Re: [PATCH 0/3] Limit runaway reclaim due to watermark boosting

Mel Gorman <mgorman@xxxxxxxxxxxxxxxxxxx> · Wed, 26 Feb 2020 08:04:26 +0000

On Tue, Feb 25, 2020 at 06:51:30PM -0800, Andrew Morton wrote:
> On Tue, 25 Feb 2020 14:15:31 +0000 Mel Gorman <mgorman@xxxxxxxxxxxxxxxxxxx> wrote:
> 
> > Ivan Babrou reported the following
> 
> http://lkml.kernel.org/r/CABWYdi1eOUD1DHORJxTsWPMT3BcZhz++xP1pXhT=x4SgxtgQZA@xxxxxxxxxxxxxx
> is helpful.
> 

Noted for future reference.

> > 	Commit 1c30844d2dfe ("mm: reclaim small amounts of memory when
> > 	an external fragmentation event occurs") introduced undesired
> > 	effects in our environment.
> > 
> > 	  * NUMA with 2 x CPU
> > 	  * 128GB of RAM
> > 	  * THP disabled
> > 	  * Upgraded from 4.19 to 5.4
> > 
> > 	Before we saw free memory hover at around 1.4GB with no
> > 	spikes. After the upgrade we saw some machines decide that they
> > 	need a lot more than that, with frequent spikes above 10GB,
> > 	often only on a single numa node.
> > 
> > There have been a few reports recently that might be watermark boost
> > related. Unfortunately, finding someone that can reproduce the problem
> > and test a patch has been problematic.  This series intends to limit
> > potential damage only.
> 
> It's problematic that we don't understand what's happening.  And these
> palliatives can only reduce our ability to do that.
> 

Not for certain no, but we do know that there are conditions whereby
node 0 can end up reclaiming excessively for extended periods of time.
The available evidence does match a pattern whereby a lower zone on node
0 is getting stuck in a boosted state.

> Rik seems to have the means to reproduce this (or something similar)
> and it seems Ivan can test patches three weeks hence. 

If Rik can reproduce it great but I have a strong feeling that Ivan may
never be able to test this if it requires a production machine which is
why I did not wait the three weeks.

> So how about a
> debug patch which will help figure out what's going on in there?
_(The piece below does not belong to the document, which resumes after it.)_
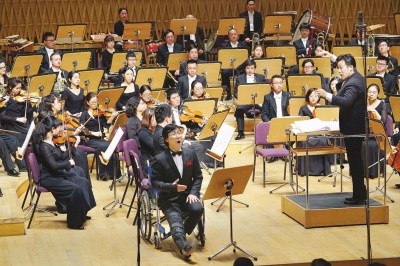 本报讯 (记者姜方)作为第35届上海之春国际音乐节参演节目,《向经典致敬———陆在易作品音乐会》4月29日晚在上海交响乐团音乐厅上演。演出现场,廖昌永因右腿受伤坐着轮椅上台,领衔演唱音乐抒情诗 《中国,我可爱的母亲》,赢得在场观众雷鸣般的掌声。

A debug patch would not help much in this case given that we
have tracepoints. An ftrace containing mm_page_alloc_extfrag,
mm_vmscan_kswapd_wake, mm_vmscan_wakeup_kswapd and
mm_vmscan_node_reclaim_begin would be a big help for 30 seconds while the
problem is occurring would work. Ideally mm_vmscan_lru_shrink_inactive
would also be included to capture the priority but the size of the trace
is what's going to be problematic.

mm_page_alloc_extfrag would be correlated with the conditions that boost
the watermarks and the others would track what kswapd is doing to see if
it's persistently reclaiming. If they are, mm_vmscan_lru_shrink_inactive
would tell if it's persistently reclaiming at priority DEF_PRIORITY - 2
which would prove the patch would at least mitigate the problem.

It would be more preferable to have a description of a testcase that
reproduces the problem and I'll capture/analyse the trace myself.
It would also be something I could slot into a test grid to catch the
problem happening again in the future.

-- 
Mel Gorman
SUSE Labs